▸ **Work instruction**: Please copy out the entries below exactly, beginning with the line that contains "NEP private soviet postcard 1920s" and ending with the line that contains "Darwin Building, Royal", and include nothing outside that span.

▸ **Data to use**:
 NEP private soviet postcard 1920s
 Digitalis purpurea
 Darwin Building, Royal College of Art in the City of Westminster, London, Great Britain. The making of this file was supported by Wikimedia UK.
--
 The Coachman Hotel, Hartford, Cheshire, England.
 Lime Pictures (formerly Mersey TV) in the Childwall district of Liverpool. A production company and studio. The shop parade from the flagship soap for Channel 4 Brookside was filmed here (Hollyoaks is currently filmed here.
==
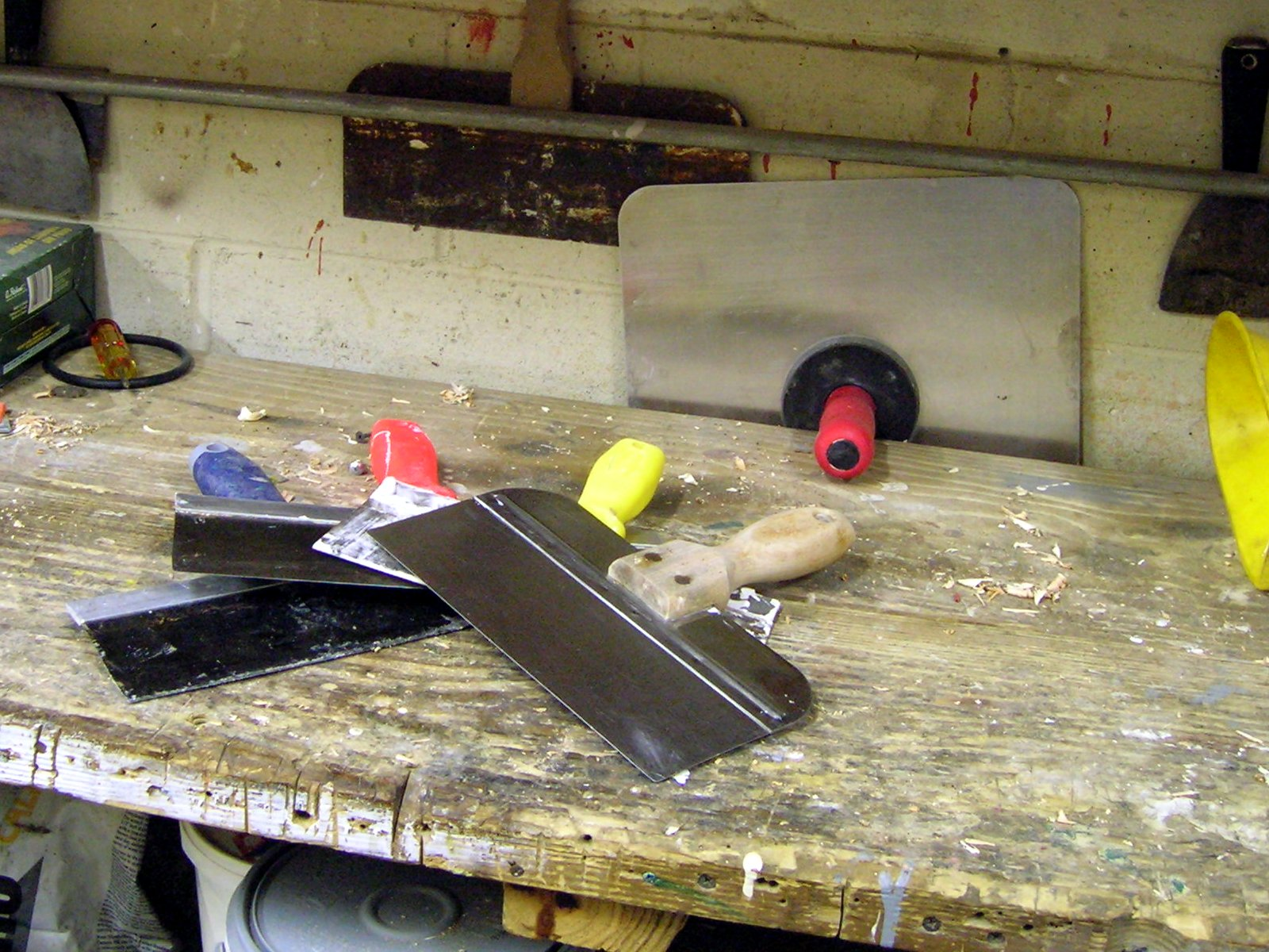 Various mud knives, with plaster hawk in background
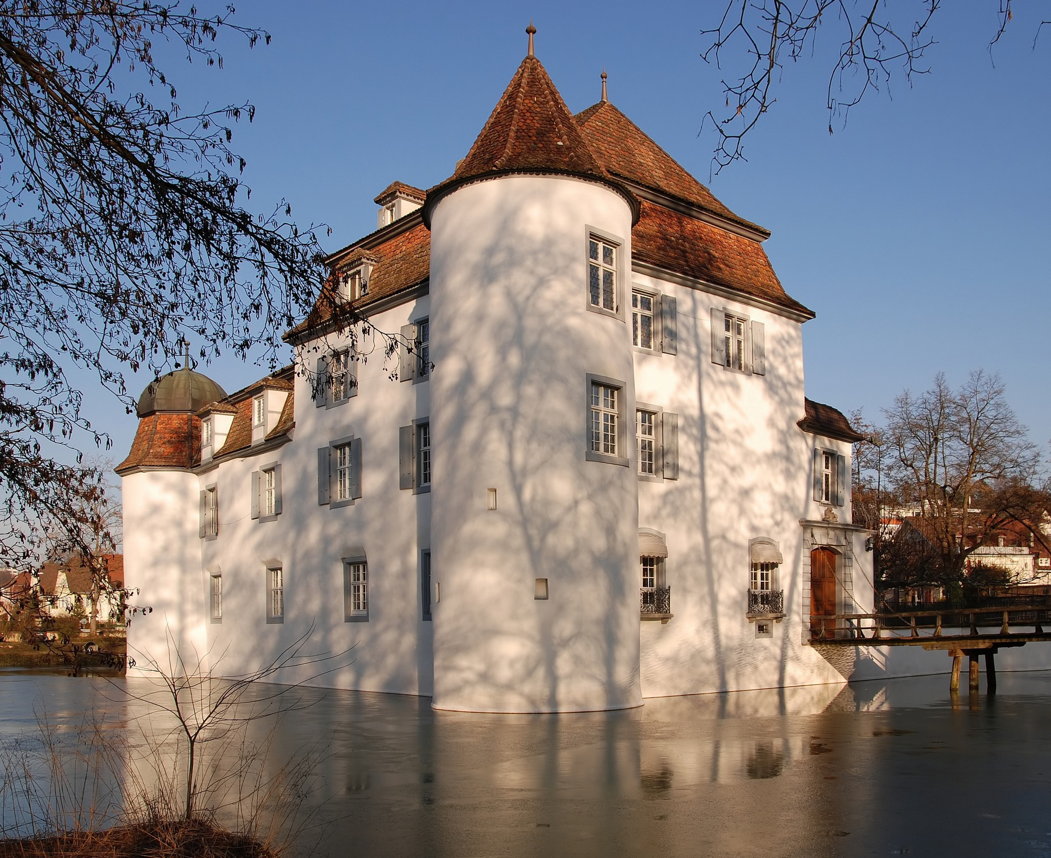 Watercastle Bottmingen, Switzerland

▸ **Written response**:
 NEP private soviet postcard 1920s
 Digitalis purpurea
 Darwin Building, Royal College of Art in the City of Westminster, London, Great Britain. The making of this file was supported by Wikimedia UK.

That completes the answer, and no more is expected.